Restructuring costs of GBP4,708,000 (2019: GBPnil) were incurred
in relation to restructuring activities that were undertaken during
the year and following the acquisition of Redde plc, as part of the
integration of the Combined Group. These costs primarily related to
a reduction in headcount and associated redundancy and loss of
office costs.
As part of the post-acquisition reorganisation, an exceptional
impairment of property, plant and equipment of GBP1,304,000 (2019:
GBPnil) and an onerous contract provision of GBP369,000 (2019:
GBPnil) were incurred in relation to property.

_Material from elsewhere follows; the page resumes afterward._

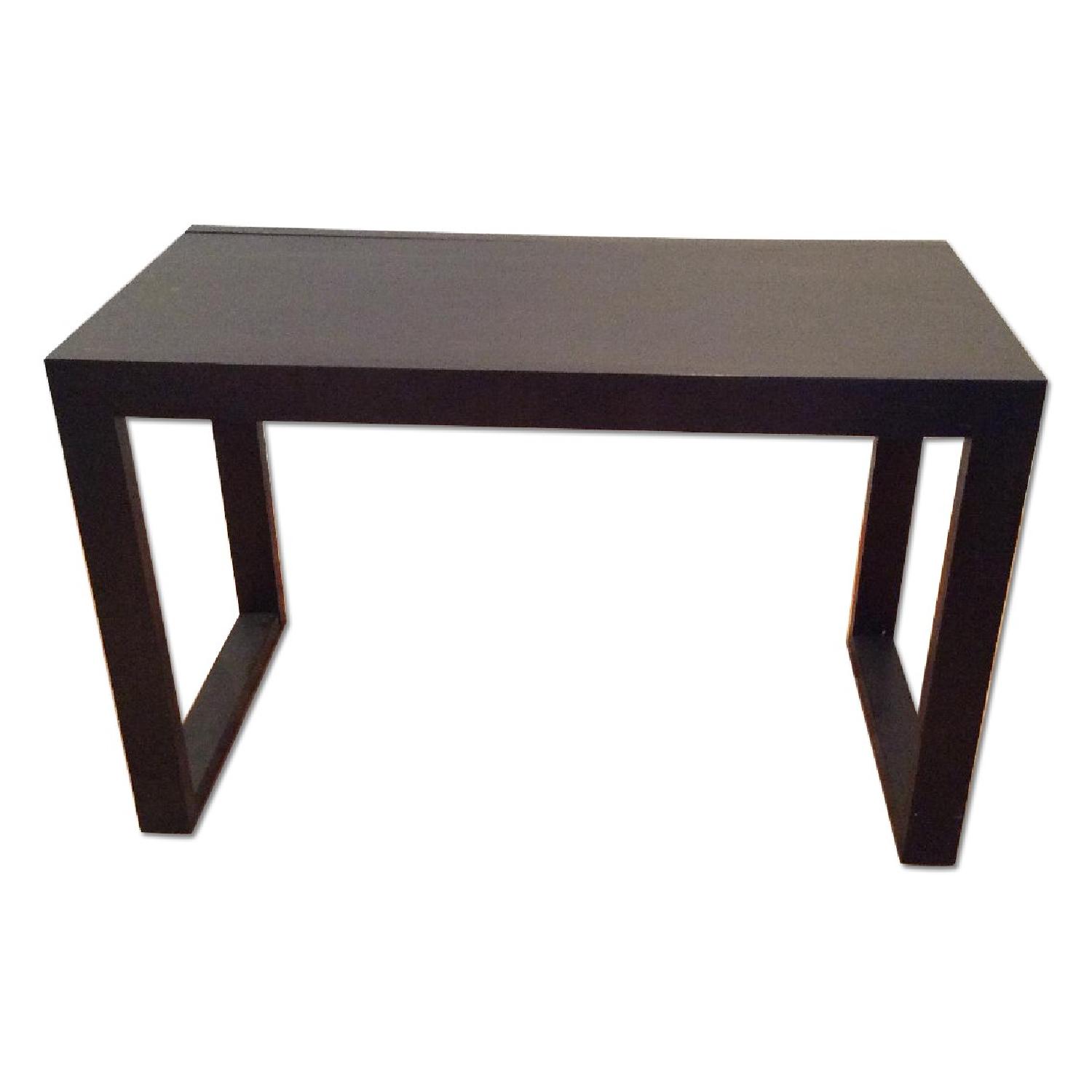 Seller's Notes:Brand: West Elm Style: Basic Parsons Desk Color: Espresso brown Description: contemporary-style simple parsons desk with normal wear and tear. Small 1.5" blemish on the top edge of desk. I usually just face blemished side against wall and never noticed it again.

Exceptional share based payment charges of GBP1,659,000 (2019:
GBPnil) were incurred in relation to outstanding EPSP awards
previously made to continuing employees that were forfeited
following the completion of the acquisition of Redde plc.
Exceptional costs of GBP569,000 (2019: GBPnil) were incurred in
relation to the closure of sites.
Merger expenses
The Group incurred acquisition expenses of GBP18,256,000 (2019:
GBPnil). These related to expenses directly attributable to the
acquisition such as advisor fees, accountancy services, arranging
continuation of bank facilities and other acquisition related
costs.
Intangible impairment
The Group is in dispute with the provider of certain IT and
software development services in relation to the delivery of the
planned development of Northgate's new IT system and has therefore
paused the project. Given the uncertainty over the outcome of this
dispute a decision has been made to write down the carrying values
of the related assets. The Group therefore incurred exceptional
costs in relation to this impairment of GBP14,910,000 (2019:
GBPnil).
Refinancing expenses
The Group incurred exceptional finance costs of GBP566,000
(2019: GBPnil) relating to debt partially extinguished as part of
the refinancing of Group bank facilities.
7. CONTINGENT LIABILITIES
The Group is currently in legal dispute with a provider of
certain IT and software development services over the failure to
deliver agreed software and services to the Group. Both parties are
claiming against each other. However, the Group has disclaimed
liability and is defending the action. No provision in relation to
the claim has been recognised in the financial statements as legal
advice indicates that on the balance of probabilities significant
liability will not arise.
8. BASIS OF PREPARATION
The results for the year ended 30 April 2020, including
comparative financial information, have been prepared in accordance
with International Financial Reporting Standards ("IFRS"), and
their interpretations adopted by the European Union.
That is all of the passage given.